The dimensions of Stefan's constant are
-
$\left[ { M }^{ 0 }{ L }^{ 1 }{ T }^{ -3 }{ K }^{ -4 } \right] $
-
$\left[ { M }^{ 1 }{ L }^{ 1 }{ T }^{ -3 }{ K }^{ -3 } \right] $
-
$\left[ { M }^{ 1 }{ L }^{ 2 }{ T }^{ -3 }{ K }^{ -4 } \right] $
-
$\left[ { M }^{ 1 }{ L }^{ 0 }{ T }^{ -3 }{ K }^{ -4 } \right] $
Reveal answer
Fill a bubble to check yourself
D
Correct answer
Explanation
Power radiated by a body $P = \sigma AeT^4$
where $\sigma$ is the Stefan's constant, $e$ is the emmissivity of the body, $A$ is the surface area of the body and $T$ is its temperature.

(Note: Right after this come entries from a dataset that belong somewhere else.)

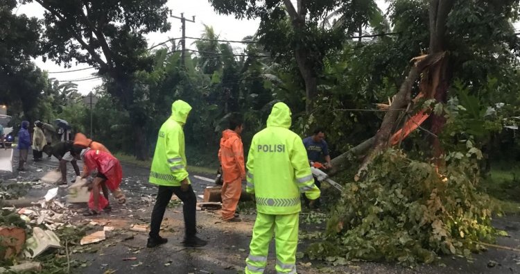 Jembrana - Kesigapan personel Polsek Mendoyo kembali ditunjukkan dalam merespons dampak cuaca ekstrem. Saat melaksanakan patroli pemantauan situasi kamtibmas dan arus lalu lintas, Polsek Mendoyo bergerak cepat menangani peristiwa pohon tumbang di Jalan Raya Denpasar–Gilimanuk, tepatnya di Lingkungan Bilukpoh, Kecamatan Mendoyo, Kabupaten Jembrana, Minggu (18/1/2026).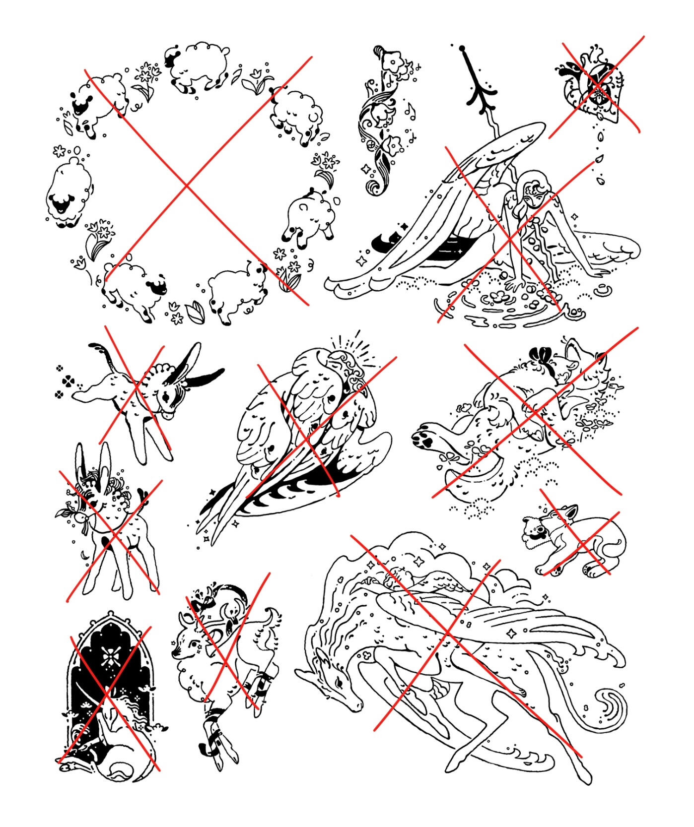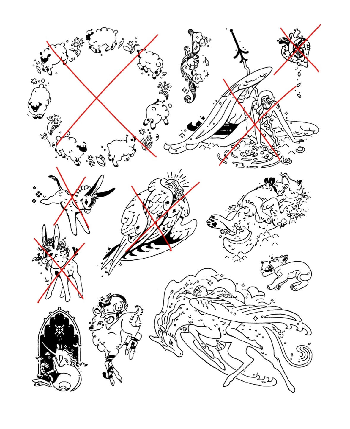 .Either pick the flash(es) you would like to have tattooed (the ones with a cross are already booked) or write a short description of your project.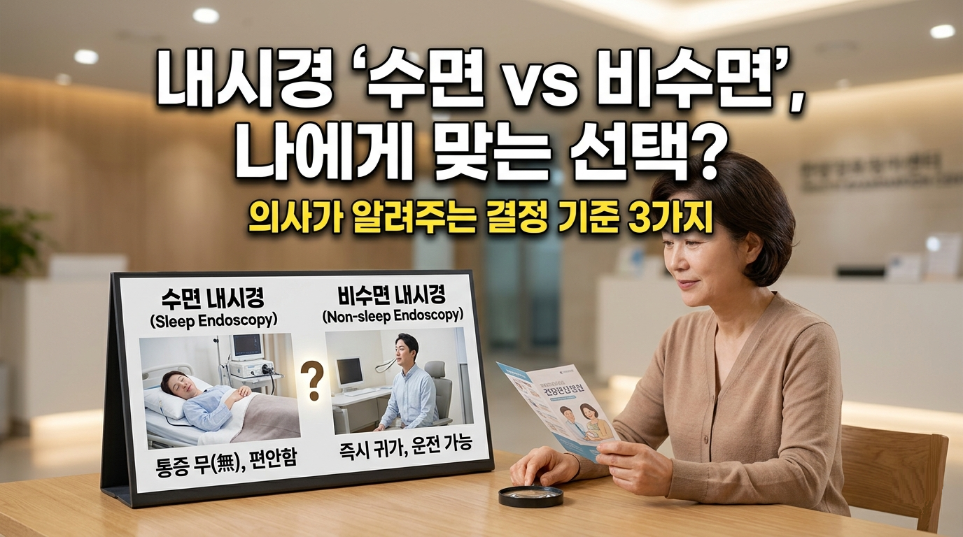 건강검진 예약할 때 가장 마지막까지 망설여지는 결정, 바로 **'수면으로 할 것인가, 생으로 할 것인가'**입니다. 수면으로 하자니 혹시 모를 부작용이나 기억이 안 나는 상태가 불안하고, 비수면으로 하자니 그 고통과 헛구역질을 참아낼 자신이 없으시죠? 인터넷에는 "비수면은 지옥이다", "수면은 위험하다" 등 상반된 후기만 가득해 결정을 더 어렵게 만듭니다.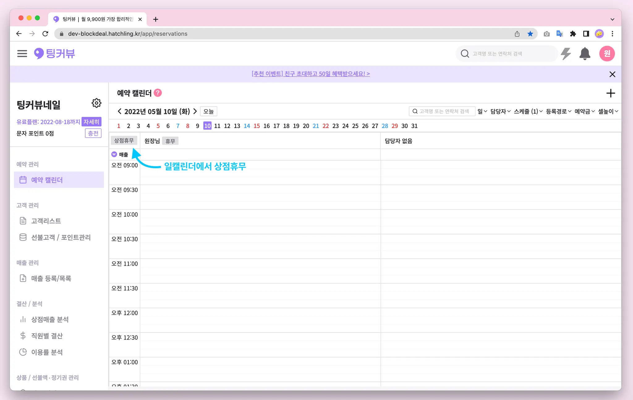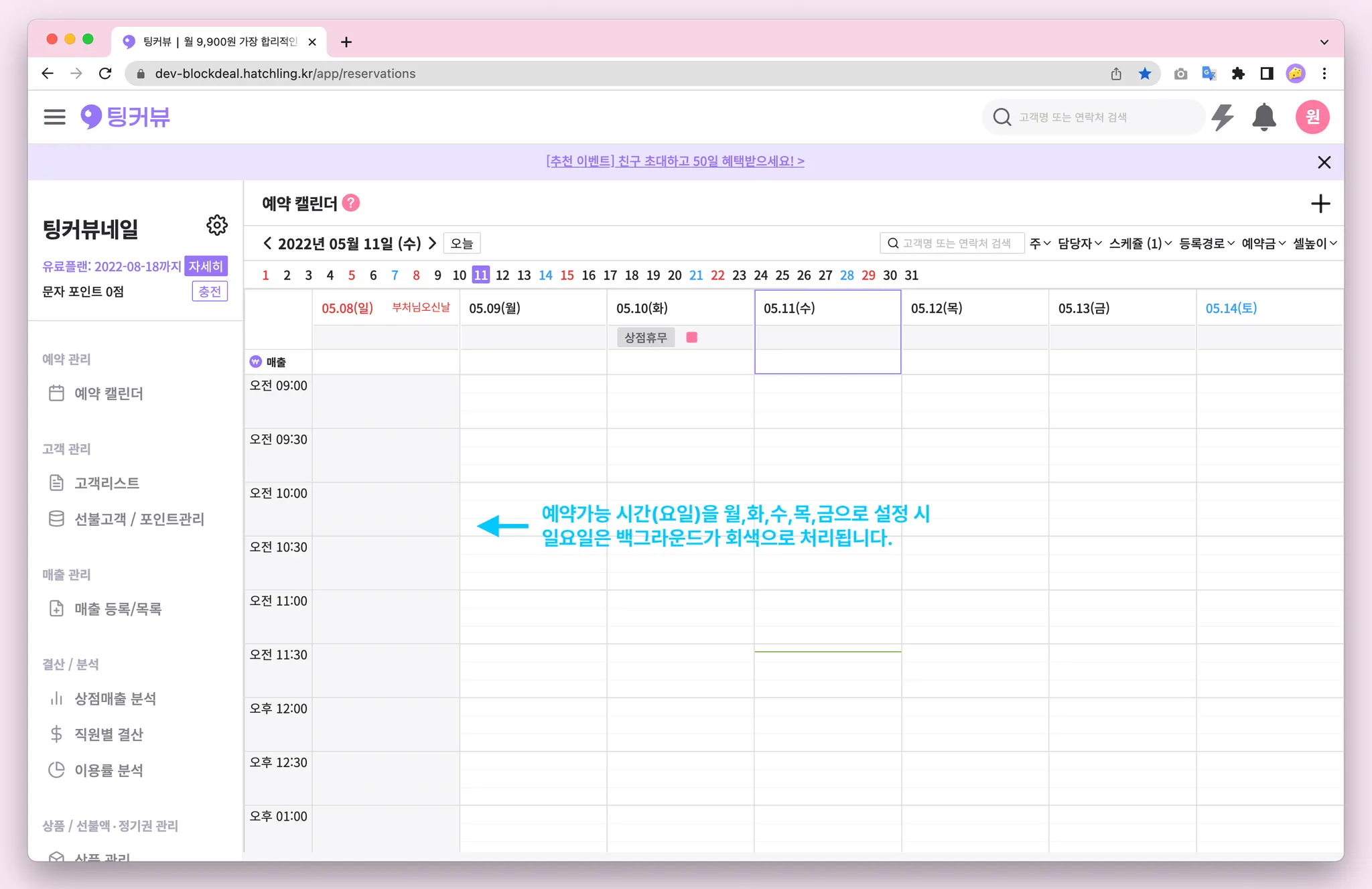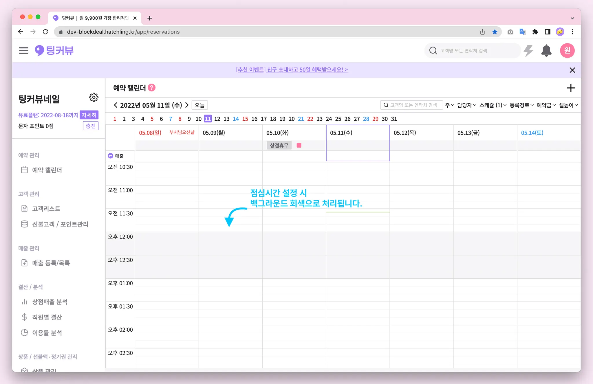 이제 캘린더에서 점심시간, 예약가능 외 시간을 한 눈에 확인해보세요! 예약가능 시간이 아닌 시간은 예약캘린더에서 백그라운드가 회색으로 처리됩니다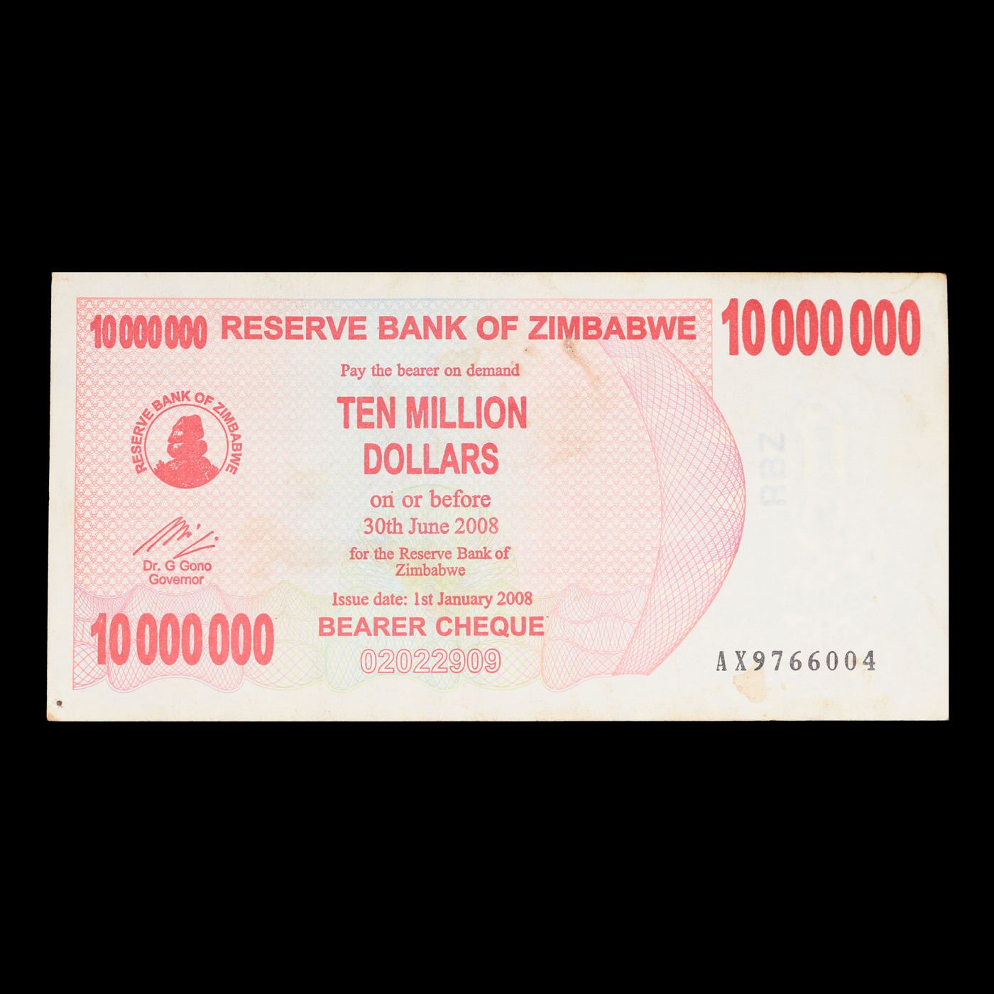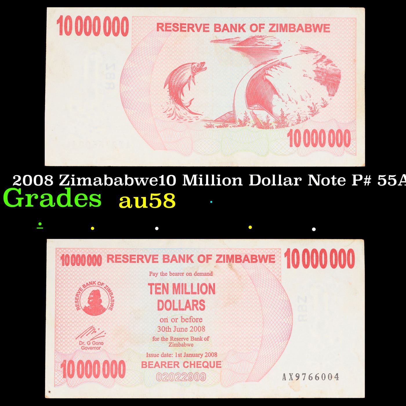 2008 Zimababwe10 Million Dollar Note P# 55A Grades Choice AU/BU Slider.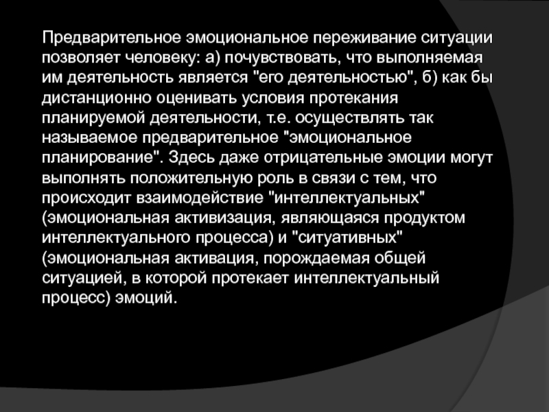 Слайд 6Предварительное эмоциональное переживание ситуации позволяет человеку: а) почувствовать, что выполняемая
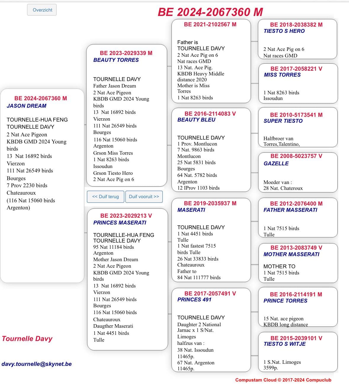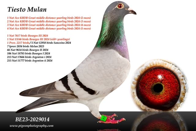 Son of “567/21” Son of Tiesto's Hero 2 Nat. Ace Pigeon GMD ( 6 KBDB races ) x “Miss Torres” 1 Nat Issoudun 8,263p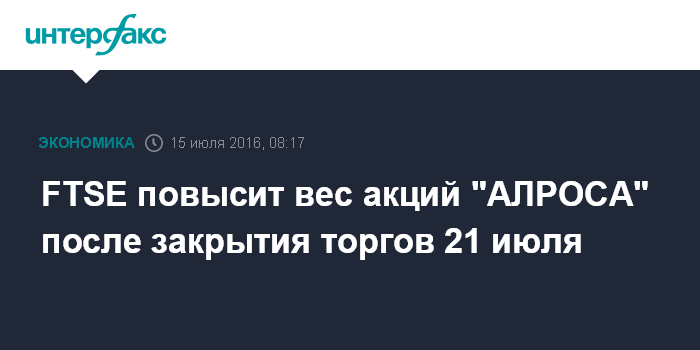 FTSE повысит вес акций "АЛРОСА" после закрытия торгов 21 июля

Dimensions of power $[P] = [ML^2T^{-3}]$
Dimensions of area $[A] = [L^2]$
Dimensions of temperature $[t] = [K]$
Emmissivity $e$ is a dimensionless quantity.
$\therefore$ Dimensions of Stefan's constant $[\sigma] = \dfrac{[ML^2T^{-3}]}{[L^2] [K^4]}$
$\implies$ $[\sigma] = [M^1 L^0 T^{-3} K^{-4}]$